Никодимус сжал кулаки. Его самого все детство пичкали уверениями, что он перерастет или преодолеет свой недуг.
— Ты ведь сам в этом не уверен. Обнадеживать попусту — жестоко.
— Кому лучше знать, как не тебе! — с жаром воскликнул Сайрус. — Ты живешь надеждой когда-нибудь избавиться от увечья. Как ты можешь отказывать в такой же надежде ей?
Никодимус едва сдержался, чтобы не наорать на иерофанта и не кинуться в драку. Однако сквозь застящую глаза ярость он видел в словах Сайруса зерно истины. Никодимусу надежда служила топливом, дровами, которые он подбрасывал в костер, подогревающий его волю к жизни.
— Я приму любое отношение Франчески к потере своих способностей, — уткнувшись лицом в ладони, наконец произнес он, стараясь сдержаться.
Сайрус умолк надолго.
— Тогда еще одно. Помоги мне убедить Франческу не высаживаться с тобой в Холодном Шлюзе. На корабле ей будет безопаснее.

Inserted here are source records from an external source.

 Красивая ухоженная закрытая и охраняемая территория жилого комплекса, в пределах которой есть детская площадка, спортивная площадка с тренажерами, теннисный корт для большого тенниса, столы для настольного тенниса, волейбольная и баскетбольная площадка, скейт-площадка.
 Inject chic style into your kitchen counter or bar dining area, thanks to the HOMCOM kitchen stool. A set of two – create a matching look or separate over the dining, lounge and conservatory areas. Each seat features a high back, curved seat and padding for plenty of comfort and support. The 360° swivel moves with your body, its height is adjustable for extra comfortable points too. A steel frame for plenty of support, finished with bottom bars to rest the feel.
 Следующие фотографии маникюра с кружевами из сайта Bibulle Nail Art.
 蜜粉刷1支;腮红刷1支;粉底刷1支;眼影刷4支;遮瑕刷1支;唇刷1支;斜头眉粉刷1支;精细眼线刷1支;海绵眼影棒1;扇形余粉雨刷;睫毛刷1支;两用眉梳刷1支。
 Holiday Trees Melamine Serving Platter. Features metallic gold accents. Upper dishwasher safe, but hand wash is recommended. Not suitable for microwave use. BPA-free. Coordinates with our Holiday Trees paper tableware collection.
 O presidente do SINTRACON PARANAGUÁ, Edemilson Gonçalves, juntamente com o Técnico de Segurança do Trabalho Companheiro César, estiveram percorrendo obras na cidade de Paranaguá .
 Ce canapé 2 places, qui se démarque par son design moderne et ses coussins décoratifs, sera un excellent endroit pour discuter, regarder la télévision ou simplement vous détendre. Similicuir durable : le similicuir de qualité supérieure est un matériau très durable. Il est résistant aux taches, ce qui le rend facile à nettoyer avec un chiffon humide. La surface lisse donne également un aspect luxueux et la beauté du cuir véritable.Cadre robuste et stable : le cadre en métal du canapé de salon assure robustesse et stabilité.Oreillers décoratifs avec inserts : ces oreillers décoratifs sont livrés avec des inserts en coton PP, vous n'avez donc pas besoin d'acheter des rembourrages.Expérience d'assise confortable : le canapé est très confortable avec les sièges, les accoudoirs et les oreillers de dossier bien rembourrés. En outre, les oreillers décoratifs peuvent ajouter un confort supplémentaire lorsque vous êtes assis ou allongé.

— Послушает она меня, как же! — фыркнул Никодимус.
— Я скажу ей, что это наше общее мнение.
— Я, может, ее плохо знаю, но уже понял, что переубеждать ее в чем-то бесполезно.
— И все равно, пусть думает, что мы единодушны. Если она все же упрется, за ее жизнь отвечаешь ты.
— По сведениям Дейдре, как раз наоборот, ей придется отвечать за мою.
Сайрус отвернулся к занавешенному окну.
— Я на тебя не в обиде, — явно искренне, хоть и сердито, буркнул иерофант.
— И я на тебя, — как можно спокойнее ответил Никодимус.
— Буду в офицерской — третья дверь по коридору. Стучи, только если сильно понадоблюсь, а так без лишней нужды не выходи. Вылет через два часа.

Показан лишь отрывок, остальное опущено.